I store my color information as floats A,R,G,B (real4 0.0f - 1.0f) and I needed a fast way to extract those back into a normal UINT for drawing.
The best piece of code I could find / come up with is the following:
movaps xmm0,[esi] ; Load the colour as 4 floats: | A | R | G | B | (range 0.0f - 1.0f)
mulps xmm0,oword ptr COLOR3D_NORMALIZE ; Convert the range back to 0 - 255
cvttps2dq xmm0,xmm0 ; Convert the floats back to ints
pshufb xmm0,oword ptr pixelMask2 ; Because we know the range is limited to 0-255, we can safely extract the byte portions of each int component
movd dword ptr [edi+edx],xmm0 ; Draw to screen
Is there a better way to do this? I can't think of anything myself
Quote from: johnsa on September 05, 2011, 08:54:04 AMIs there a better way to do this? I can't think of anything myself
you may want to reduce the instruction set requirements to SSE2 by replacing pshufb with other shuffel/shift-operations.

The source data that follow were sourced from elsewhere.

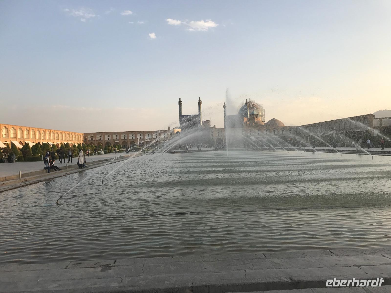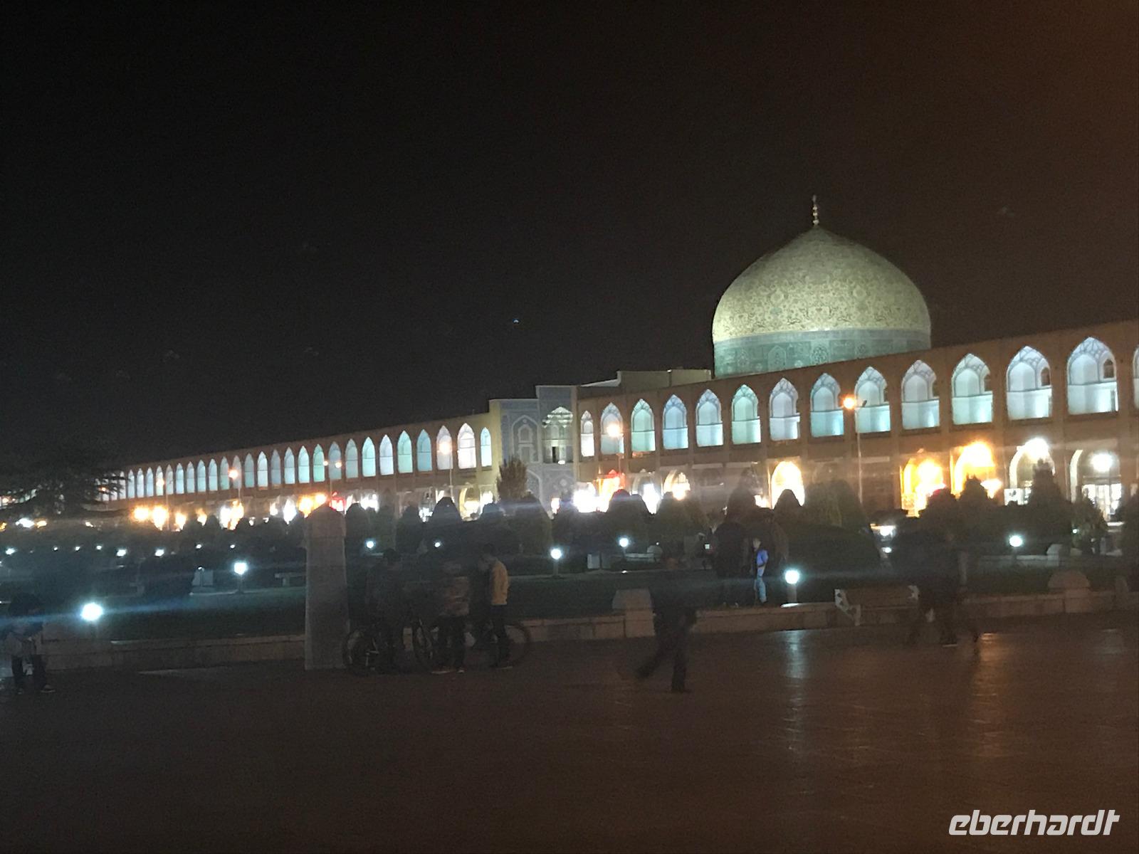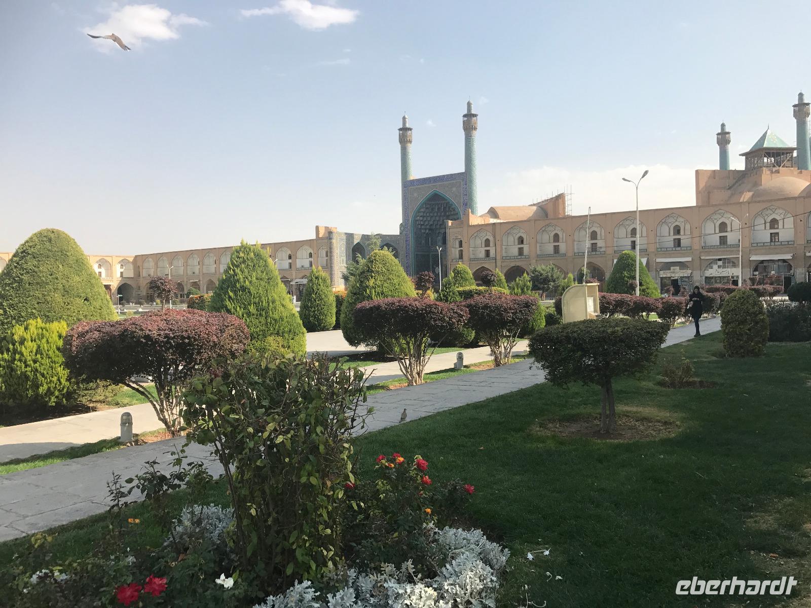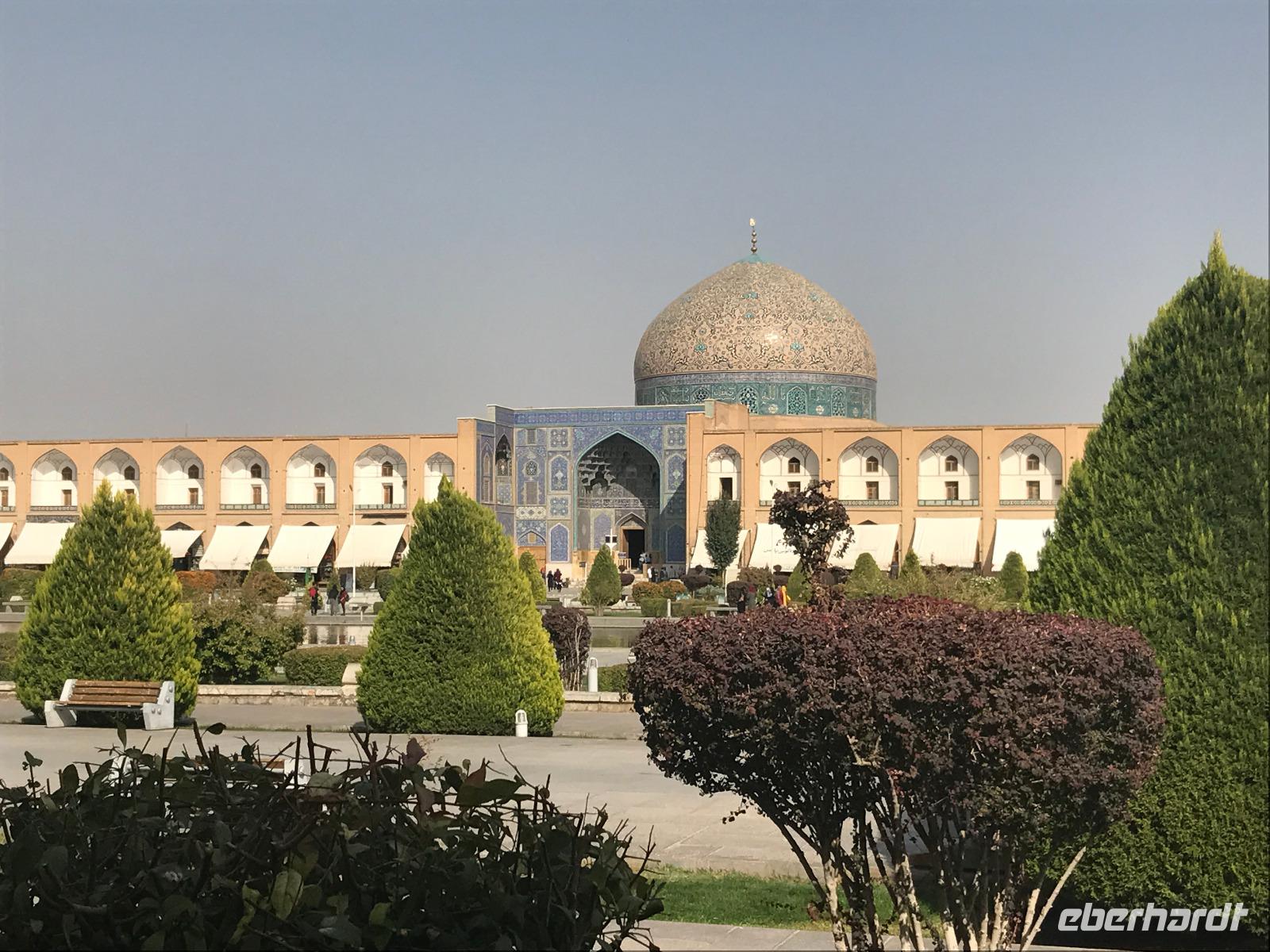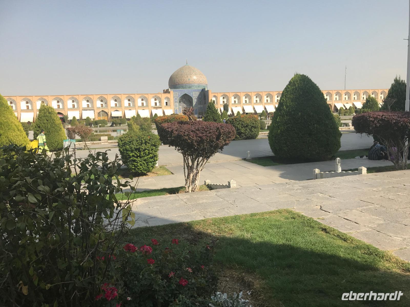 „Die Hälfte der Welt" stand heute auf unserem Programm - am Ende des Tages hätten wir glatt behauptet, sie wäre die ganze - so viel hatten wir an diesem Tag gesehen und an Informationen bekommen. Aber nun von Anfang an. Nach einem sehr leckeren Frühstück und einer kurzen Busfahrt starteten wir unsere Besichtigungen im Dscholfa-Viertel, dem Armenierviertel. Die 1663 vollendete Vank-Kirche beeindruckte uns mit Farbenreichtum und wunderbaren Gemälden zur Christianisierung Armeniens im Inneren. Im Museum neben der Kathedrale bestaunten wir zwar Schätze wie ein bemaltes Haar und die kleinste Bibel der Welt, aber wir erfuhren auch erschreckende Details zum Völkermord an den Armeniern durch das Osmanische Reich. Im Anschluss fuhren wir in die Nähe des Basars, durch den wir Zugang zur Jame-Moschee hatten. Diese wird gerade teilweise renoviert, aber dies tat der Erhabenheit, die diese Moschee ausstrahlt, keinen Abbruch. Mohammad erläuterte uns neben den Besonderheiten der 4 Eingangstore, auch Iwan genannt, die Geschichte dieses beeindruckenden Monuments. Danach besuchten wir den Palast der 40 Säulen, Chehel-Sotun-Palast, mit einem wunderbaren Garten, eine Oase. Dort verkosteten wir dann auch frisch gepressten Granatapfelsaft, frisch gepressten Möhrensaft und Faloudeh - eine typische persische Süßspeise, dazu traditionelles Eis. Frisch gestärkt begaben wir uns nun zu Fuß zum Imamplatz. Nach einer kurzen Vorführung der Miniaturmalerei erfolgte die erste Besichtigung in der aus dem 17. Jahrhundert stammenden Imam-Moschee. Das Hauptportal beeindruckt mit fast 27 Metern Höhe und wird noch überragt von den zwei 42 Meter hohen Minaretten. Im Osten des Imam-Platzes, nach dem chinesischen Tiananmen-Platz der größte Platz der Welt, findet man die Lotfullah-Moschee, auch als Frauenmoschee bekannt - hier hatten auch die Damen des königlichen Gefolges Zutritt. Gegenüber ist der Ali-Qapu-Palast, übersetzt „Hohe Pforte", von dessen Terrasse der König das Polo-Spiel auf dem Platz verfolgt haben soll. Polo konnten wir heute nicht beobachten, aber das Leben auf dem Platz und die wunderbare Aussicht haben die 40 Stufen Aufstieg gelohnt. Noch ein Stockwerk höher findet man einen Musikraum, der mit formschönen Aussparungen in den Wänden eine besondere Akustik ermöglicht und heute noch für musikalische Veranstaltungen genutzt wird. Da alle durch den ereignis- und informationsreichen Tag müde waren, gestaltete sich der Bummel über den Basar ganz kurz und wir gingen zum Hotel zurück. Am Abend fuhren wir noch einmal zum Imam-Platz, der am Ende des Tages noch einmal eine ganz andere Atmosphäre versprüht, und aßen in einem Restaurant im Basar zu Abend. Auf dem Rückweg wurden noch kleine Schätze als Andenken erstanden und wieder fielen alle mit wunderbaren Eindrücken ins Bett.
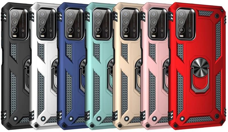 Гнучка силіконова панель має жорсткий металізований корпус і кільце-підставку для пальця. Чохол здатний витримати навіть сильні удари і подряпини.
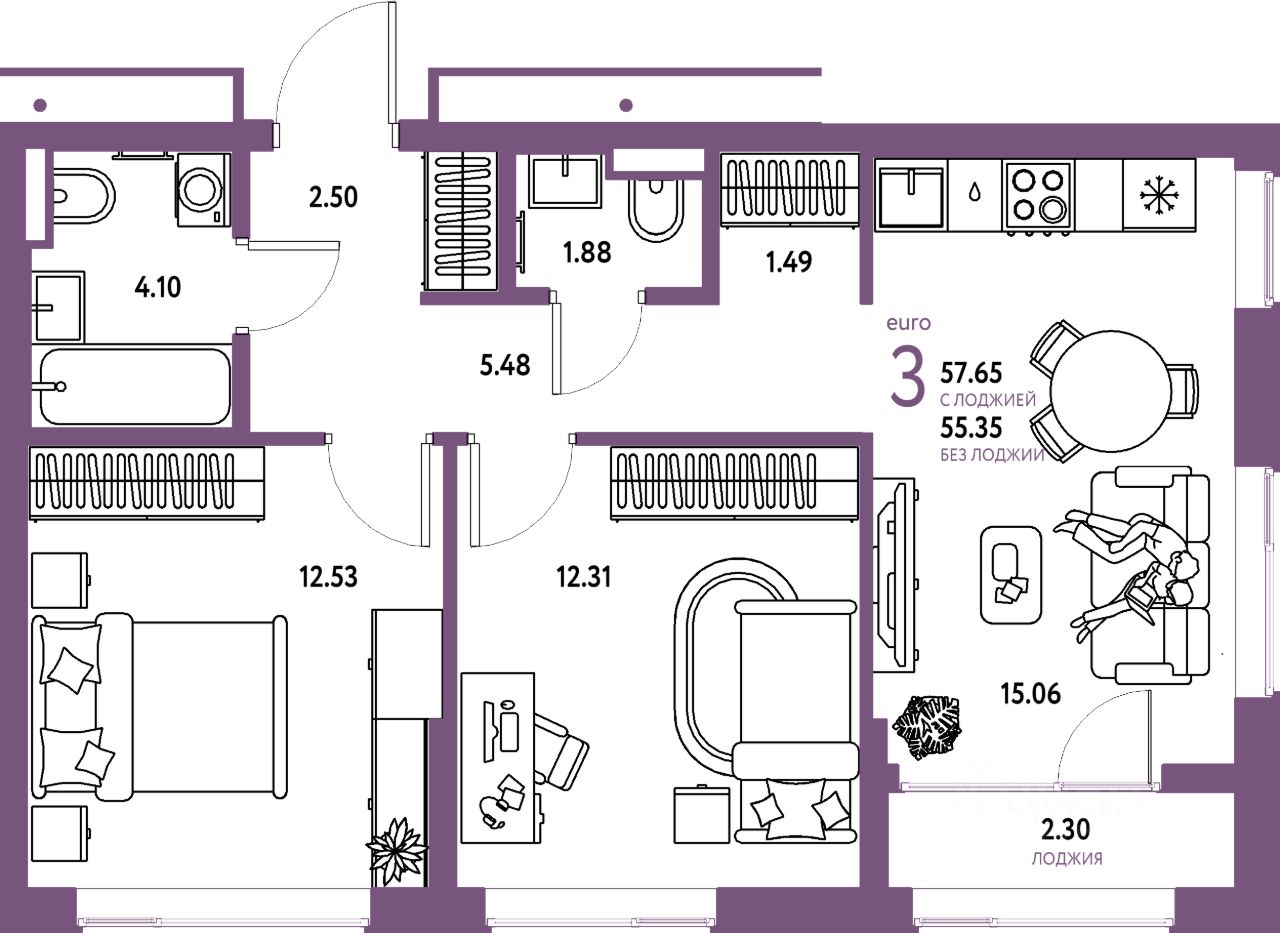 Продаётся 3-комнатная квартира в строящемся доме (Дом Перов), срок сдачи: III-кв. 2026, общей площадью 57.65 кв.м., на 15 этаже. Многоэтажные жилые дома с объектами инфраструктуры, расположенные по адресу: Московская область, г.о. Мытищи, г.Мытищи, мкр. 18Б, ул. Комарова.
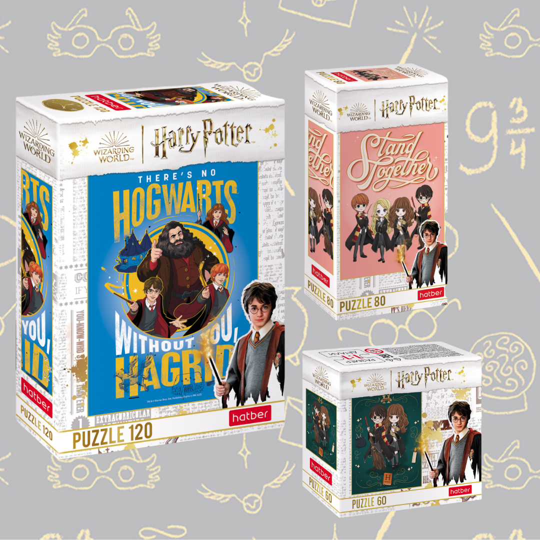 Итак, встречайте: пазлы из популярной коллекции «Гарри Поттер»! Мы стараемся сделать новинки во всех группах, чтобы фанаты этого фильма от детей до взрослых могли собрать полюбившиеся картины. Сегодня целых три новинки с любимыми героями. И для всех фанатов чародеев из Хогвартса мы сделали пазлы в новом стиле с мультяшными образами Гарри и Гермионы на 60 элементов, а также на 80 элементов, где к ребятам присоединились их друзья. А если вам по душе харизматичный Хагрид, то для вас точно приглянётся новый пазл на 120 деталей.
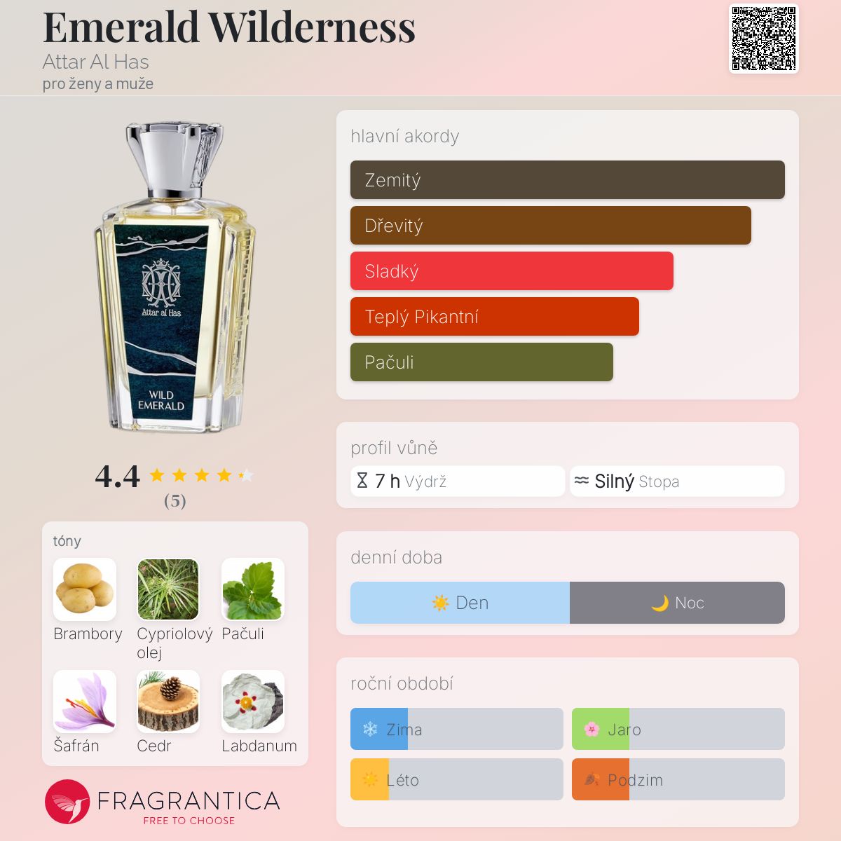Emerald Wilderness podle Attar Al Has je Orientální Spicy vůně pro ženy a muže. Toto je nová vůně. Emerald Wilderness byl/a uveden/a v roce 2024. Vrchní tóny jsou Brambory, Šafrán a Kmín; střední tóny jsouLabdanum, Santalové dřevo a Růže ; základní tóny jsou Cypriolový olej, Pačuli, Cedr, Vanilka, Fazole tonka, Bílé pižmo a Jantar (ambra).
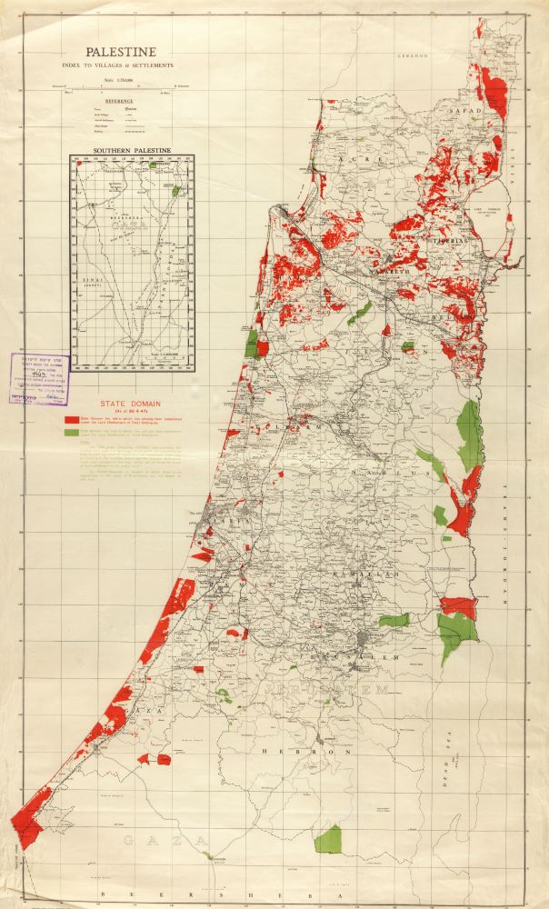 בנגב עד הקמת המדינה משתקף בכתמי הצבע האדום באזור זה. KL5M\7463))
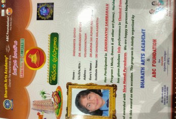 Snehankita Ghosh of Class 10 A has been awarded with “Siva Nandi Puraskaram” for her fabulous solo dance performance in the ‘Sankranthi Sambaralu Program’. The event was organised by Bharath Arts Academy and ABC Foundation. She has been felicitated with a trophy and certificate for her performance in the field of classical dance -Kuchipudi.
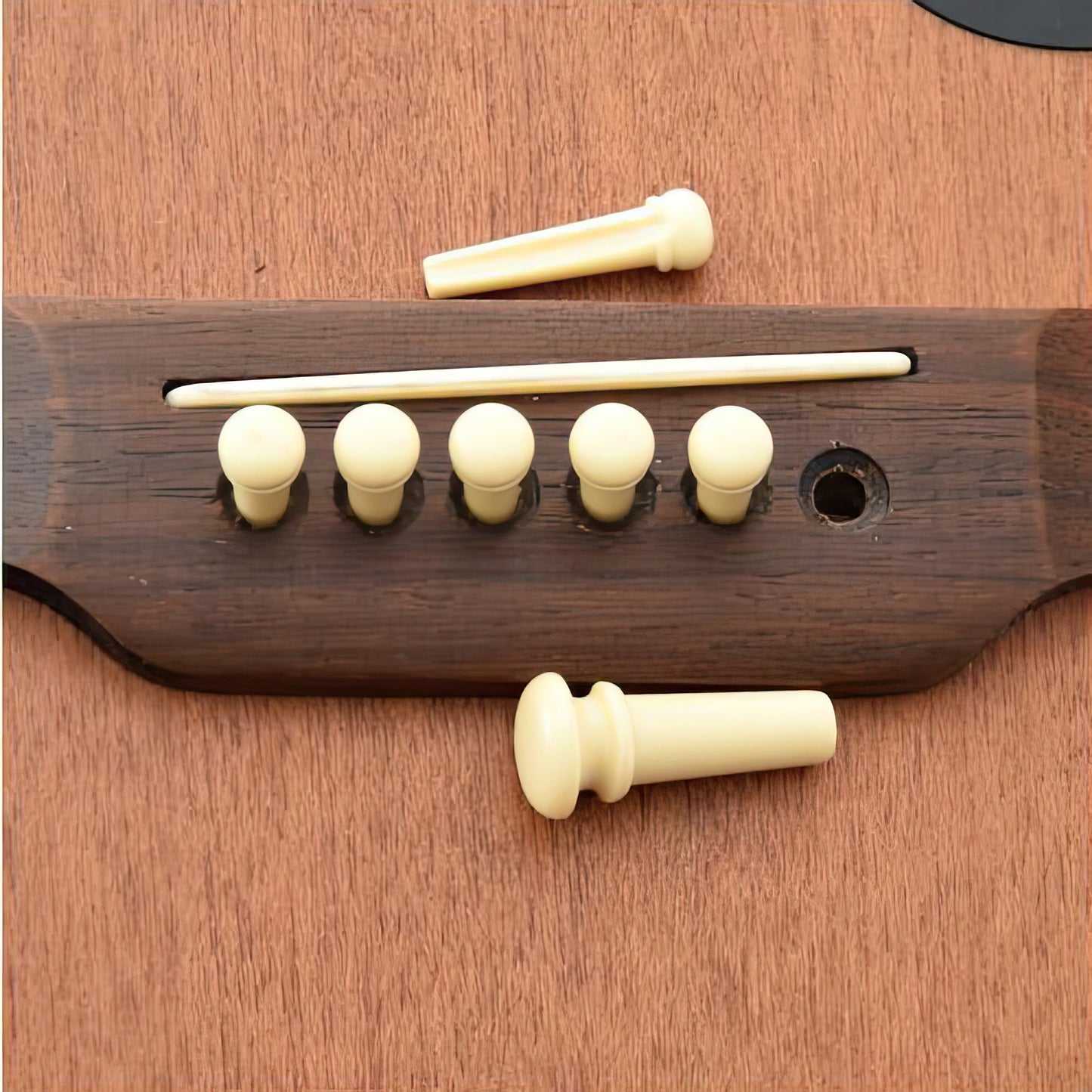 Plain "aged" cream, authentic slotted replica pins as used on L & J model Gibson guitars from 1938-1941. Set includes six bridge pins and one endpin. Bridge pins have a 7.85 mm head diameter, 5.74 mm cone diameter & 5 degree taper. Imported from Germany.
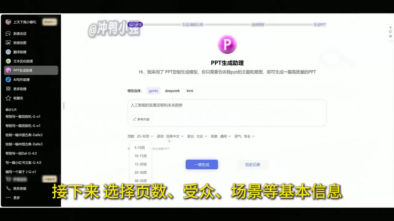 第一步输入主题和补充信息。首先我们选择生成p p t内容的模型,这里就选p p t吧。
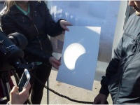 Наблюдали удивительное событиеНа площадке перед домом детского творчества "Юность" прошёл увлекательный урок астрономии - школьники наблюдали солнечное затмение
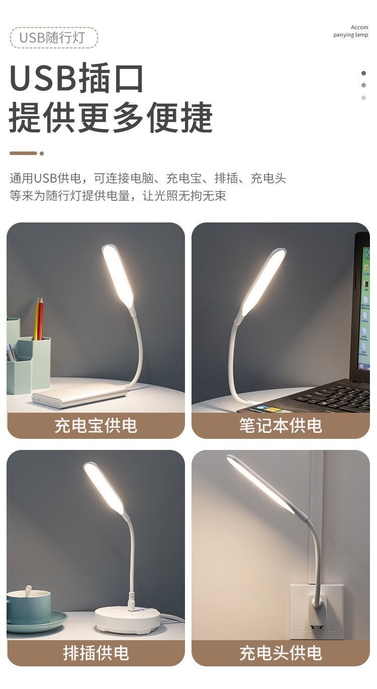 LED 터치 디밍 독서 책상 램프 USB 야간 조명 보조베터리 따뜻한 노란색 빛 침대 옆 학생 기숙사 책상 램프 체인스토어 가기

it is maybe faster to convert 4 pixels at a time (SSE2):
COLOR3D_NORMALIZE REAL4 4 dup (255.0)
...
lea esi,colors
movaps xmm0,OWORD ptr [esi+0*16]
movaps xmm1,xmm0
movaps xmm2,OWORD ptr [esi+2*16]
movaps xmm3,xmm2
punpckhdq xmm0,OWORD ptr [esi+1*16]
punpckldq xmm1,OWORD ptr [esi+1*16]
punpckhdq xmm2,OWORD ptr [esi+3*16]
punpckldq xmm3,OWORD ptr [esi+3*16]
movdqa xmm4,xmm0
movdqa xmm5,xmm1
punpckhqdq xmm0,xmm2
punpcklqdq xmm4,xmm2
punpckhqdq xmm1,xmm3
punpcklqdq xmm5,xmm3
mulps xmm0,COLOR3D_NORMALIZE
mulps xmm4,COLOR3D_NORMALIZE
mulps xmm1,COLOR3D_NORMALIZE
mulps xmm5,COLOR3D_NORMALIZE
cvtps2dq xmm0,xmm0
cvtps2dq xmm4,xmm4
cvtps2dq xmm1,xmm1
cvtps2dq xmm5,xmm5
pslldq xmm0,3
pslldq xmm4,2
pslldq xmm1,1
por xmm0,xmm4
por xmm1,xmm5
por xmm0,xmm1
movdqa OWORD ptr ...,xmm0
Do you think it is faster than convensional instruction?
Quote from: Farabi on September 24, 2011, 07:39:03 AM
Do you think it is faster than convensional instruction?
yes